Quarterly Newsletter for 2023’s 3rd Quarter
After three consecutive quarters of positive returns, stocks pulled back in the third quarter with the S&P 500 Index declining 3.3%. Other asset classes, such as small/mid-cap stocks and international equities posted slightly larger declines. Attributing the quarterly pullback to poor economic data or disappointing corporate earnings results would be difficult. Recent economic data points and earnings releases have generally been strong and better than expected. The weakness in risk assets was a result of the sharp and rapid spike in interest rates that occurred in the quarter.
Increase in 10-Year U.S. Treasury Bond Yields in the Third Quarter
With bond yields rising to the highest levels in more than 15 years, fixed income allocations provided no ballast to portfolio returns. Intermediate and long-maturity bond indices posted declines similar to equity markets, erasing positive year-to-date returns. However, on the positive side, the significantly higher bond yields currently being locked in when new bonds are purchased in portfolios should help buffer bond price volatility going forward.
We can attribute the spike in interest rates/bond yields to a wide range of issues and developments that warrant monitoring. An abbreviated list includes the following:
- Economic growth has remained solid. In fact, the Federal Reserve Bank of Atlanta estimates a third-quarter GDP growth rate of close to 5%.
- Oil prices increased by almost 30% in the quarter, which had an observable impact on headline inflation.
- While the Federal Reserve decided to leave interest rates unchanged at their September meeting, they stressed their “higher for longer” mantra, increased their economic growth forecast, and are now projecting fewer interest rate cuts in 2024 compared to their view in June.
- In early August, Fitch Ratings downgraded U.S. Treasuries from AAA to AA+ due to a growing debt burden and political dysfunction in Washington.
- The Treasury Department released borrowing estimates for the second half of the year, which were significantly higher than expectations.

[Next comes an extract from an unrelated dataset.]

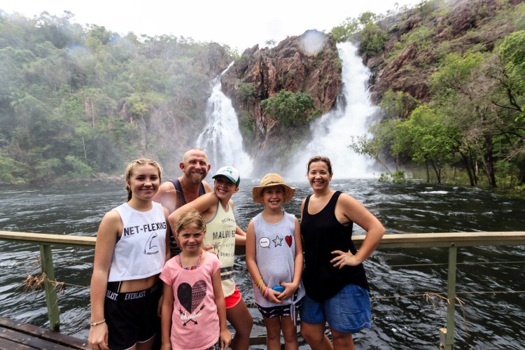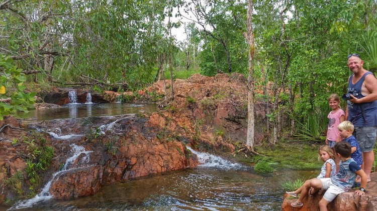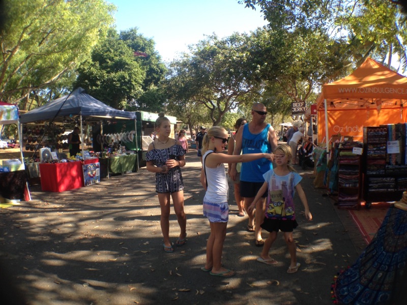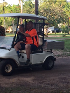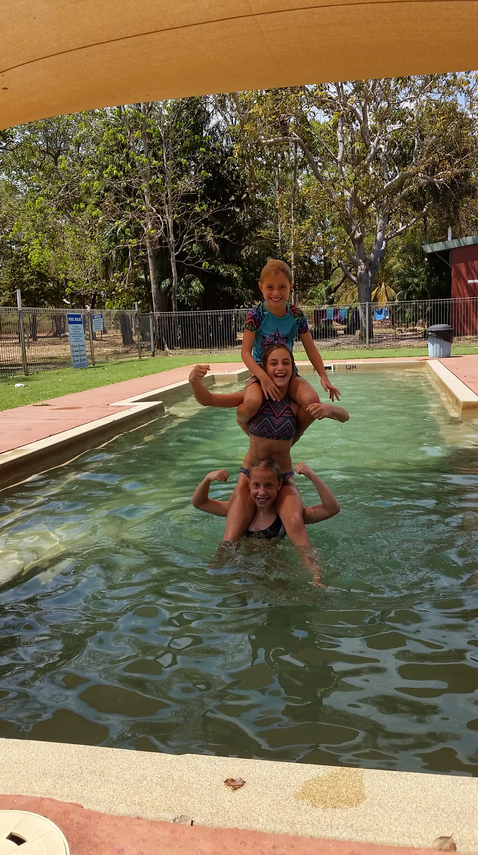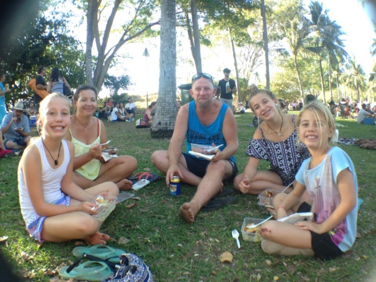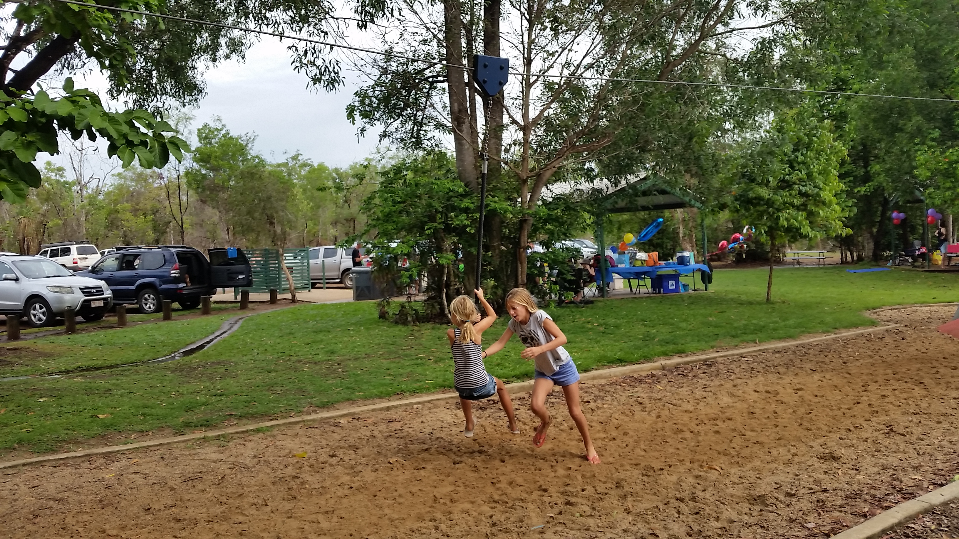 Unfortunately our plans for Punsand Bay never eventuated as we did a wheel bearing on the van, conveniently just as we were driving past the service station and spare parts/ mechanic in Bamaga. After pulling into the service station to investigate the loud screeching noise and burning rubber smell coming from the van, Nik quickly determined the cause and headed off over the road to the mechanic, who was able to quickly ring his supply man in Cairns and get two bearings sent up on the plane to Bamaga, he promised it would be there that afternoon on the 4:30pm plane. So with that promise, we set the kids up on the picnic table doing schoolwork, whilst Nik went about cleaning what was left of the bits and pieces around the bearing (at least thats what I think he was cleaning…..). We should have listened to the few locals we spoke to throughout the day, as we explained to them what was happening, all of them simply replied, ‘I’ll believe that when I see it, it’s TI (Thursday Island) time up here mate!!!’ Needless to say they were spot on and after waiting an hour after we had watched the plane fly over the top of us to land at the airport, we had to admit defeat and go to plan B. Plan B was for Nik to sling up the axle with a chain and drive the relaxing 8km back to the caravan park at Seisia with only 3 tyres………

The Treasury plans to borrow a staggering $1 trillion in the third quarter and another $852 billion in the fourth quarter. Unsurprisingly, the massive increase in supply has translated into lower bond prices and higher bond yields.
In the near term, we expect the path of interest rates to dictate the direction of financial markets. It will be challenging for equity markets to advance without stabilization in the bond market. We do see several developments that have the potential to lower interest rates. Economic momentum is likely to slow after a surprisingly strong third quarter as tighter monetary and credit conditions weigh on economic growth. Consumers have nearly depleted excess savings that have supported elevated spending levels. The timing of this development corresponds with a tick-up in delinquencies on auto loans and credit card debt. Outside of the spike in oil prices, there have been some positive developments on the inflation front. Wage growth has cooled and the most recent core inflation reading came in at 2.2% using a three-month annualized rate. While these data points may not align with expectations for a rip-roaring economy, that’s not the outcome investors want to see. We’re in a “bad news is good news” environment where investors want to see evidence of a cooling economy that brings down inflation and interest rates.
While several of the factors contributing to the recent spike in interest rates could reverse course, we acknowledge that the supply-demand picture for bonds is not encouraging at present. U.S. debt levels stand at $33 trillion, and Washington is running large budget deficits in a period of full employment. With no signs of fiscal restraint in D.C. and the Federal Reserve reversing course after a long stretch of supporting demand for government bonds through their Quantitative Easing programs, these supply-demand dynamics aren’t likely to improve any time soon. Policymakers need to come to terms with the fact that borrowing money is no longer free, and as such, the basic rules of economics apply to them as well. When supply overwhelms demand, the result is lower prices or, in this case, higher borrowing costs.